Here's why you care: If you own an apartment or townhouse in an urban area you don't want commercial vacancies, not just because you moved to the city for convenience, but because ultimately it could take down your home value. That said, you care if you are a company doing okay because it means you may be able to negotiate a terrific new lease where you are, or elsewhere. You need to be reading this story. We can tell you, this is what we've been discussing as real estate and finance lawyers. You should be thinking about this as well. One note, Pristin's article uses the term "Special Receiver" - don't worry, it is pretty much what you think. A Special Receiver is essentially a neutral third party that a court can look to for unbiased guidance as to whether the borrower that is behind in payments is keeping to the workout promise. The Special Receiver is a neutral intermediary for the borrower to send the money to, allowing the lender to get a report and payments from the Special Receiver instead of spending time constantly asking the borrower for an update.



Tuesday, December 9, 2008

Half of Modified Mortgages Back in Default

The Capitol Hill/auto makers story will be in the A section of the papers, so we say the one piece you might miss buried in the business section today is from the Associated Press in the LA Times which reports that, "More than half of all homeowners who had their loans modified to make the payments more affordable in the first half of the year are already in default again." You need to give this story a quick read.

Here's why you care: The question is why?

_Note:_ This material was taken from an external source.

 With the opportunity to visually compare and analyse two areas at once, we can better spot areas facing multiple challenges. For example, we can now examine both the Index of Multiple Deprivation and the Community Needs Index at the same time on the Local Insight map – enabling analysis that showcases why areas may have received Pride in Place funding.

Are they now behind on their credit cards too? Is it simply untenable? Is it due to job loss? Those are the questions. You should read this story, because the Federal Reserve can lower rates again, but eventually that gets to zero and then what? The "what" has to be a multi-front approach, but the exact mix will be the source of the debate. Helping homeowners has been a top agenda item for many on Capitol Hill and elsewhere, and this report will give them pause to consider how to get it right. They'll be reading this piece and you should be too.



Monday, December 8, 2008

Two Big Stories: Financial Rescue Gridlock? & Big Newspapers Cry for Help

1) Financial Rescue Gridlock? Obama vs.Bush
The eye opening business article today is actually a political article in the Wall Street Journal by Jonathan Weisman and Deborah Solomon who report the current administration and incoming administration are at something of a stalemate on the financial rescue/recovery. Here's the operable sentence from their report which you need to read, "Treasury officials believe Obama aides are being short-sighted in their refusal to offer more policy and lobbying assistance, while the transition team sees an administration looking to be rescued from its own miscues."

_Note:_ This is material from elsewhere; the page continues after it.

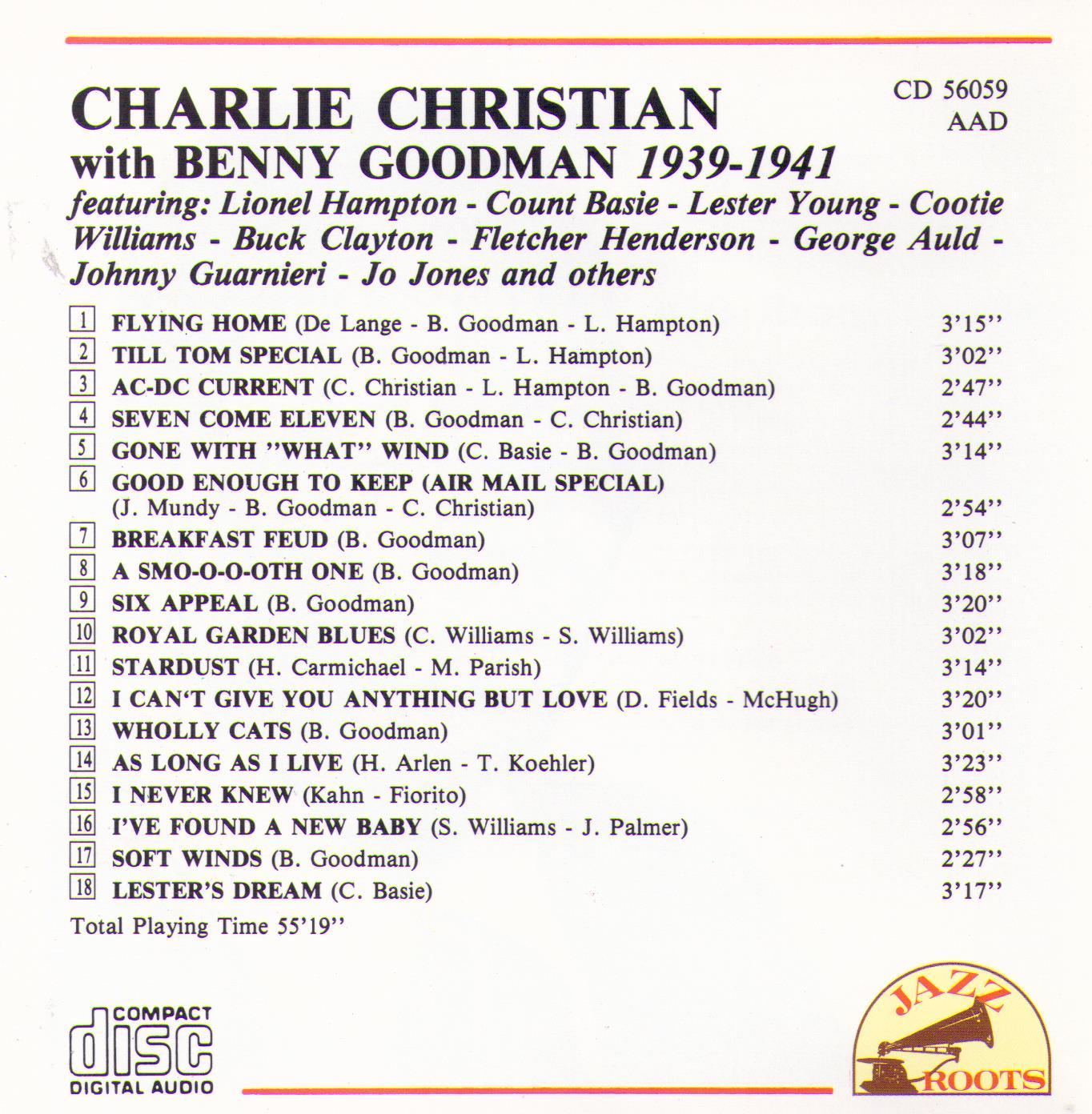 CHARLIE CHRISTIAN with Benny Goodman 1939-1941 - CD 56059 featuring Lionel Hampton - Cunt Basie - Lester Young - Cootie Williams - Buck Clayton - Fletcher Henderson - George Auld - Johnny Guarnieri - Jo Jones and others.

Here's why you care: What they are talking about is not just a stimulus package, but also whether to green light the FDIC proposal to help mortgage holders underwater refinance. Why You Care doesn't take political sides, instead would like to make an objective observation. The longer it takes to implement all of the recovery tools, the longer the recovery itself gets postponed. In real terms that means anything that can be done to shorten the durations means less jobs lost, less businesses folding/shrinking, and fewer homes in foreclosure.

Meanwhile, speaking of the Obama economic team, the LA Times' Ralph Vartabedian has a well written piece looking at former Federal Reserve head Paul Volcker's rescue suggestions.

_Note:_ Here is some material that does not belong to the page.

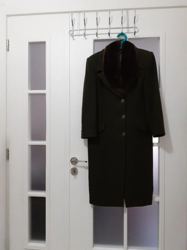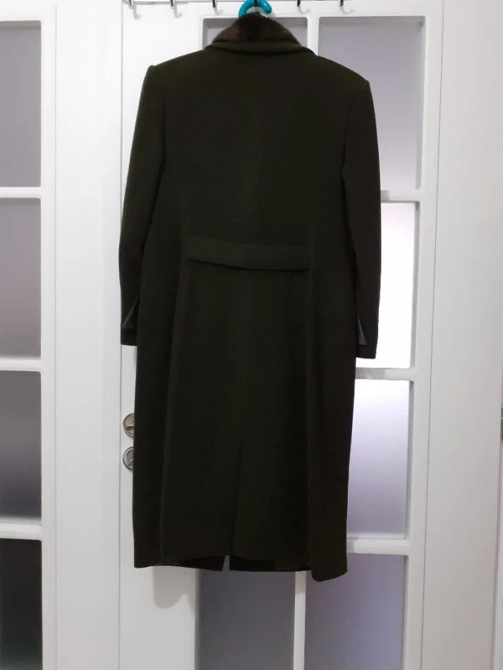 Shitet pallto per femra, blere tek “Nino Vitali. Stili klasik (si ne foto), kombinuar me jaken pellush, qe dhe mund te hiqet. Perdoret monopet dhe dopiopet.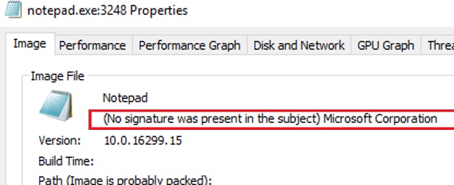 Try to run the Process Explorer and add the Verified Signer column. Most likely, in front of the applications, you will see the caption “No signature was present on the subject Microsoft Corporation”.

Here's why you care: You care because he's advising Obama. Give this story a quick read when you have a moment because it points the way the Obama team may take in the months ahead. Remember, President-elect Obama noted this weekend there would be more pain ahead, this report on Volcker tracks that sentiment.

2) Big Newspapers Cry for Help in the Business Pages
The LA Times' James Rainey reports that the paper's parent, the Tribune Co. which also own the Chicago Tribune, has filed for bankruptcy. And if that were not enough to catch your eye, the NY Times' Richard Perez-Pena reports that the NY Times Co. is going to borrow $225 million against its NYC headquarters. In other words, the NY Times is taking out a mortgage to make ends meet.

Here's why you care: As many Why You Care readers know we are convinced that if you could just read the business pages with a better base knowledge then you'd see the coming economic waves on the horizon and be able to adjust accordingly. Much of what is happening today was warned some time ago in the business pages. The problem is that you didn't know you cared about credit default swaps way back when. Thus, if newspapers continue to shrink staffs - or in the case of community newspapers go under - then the crucial economic reporting will disappear. Blogs are helpful to gather links, and some have interesting opinions, but real reporting on a daily basis comes from full time journalists. Loose that then what have you got?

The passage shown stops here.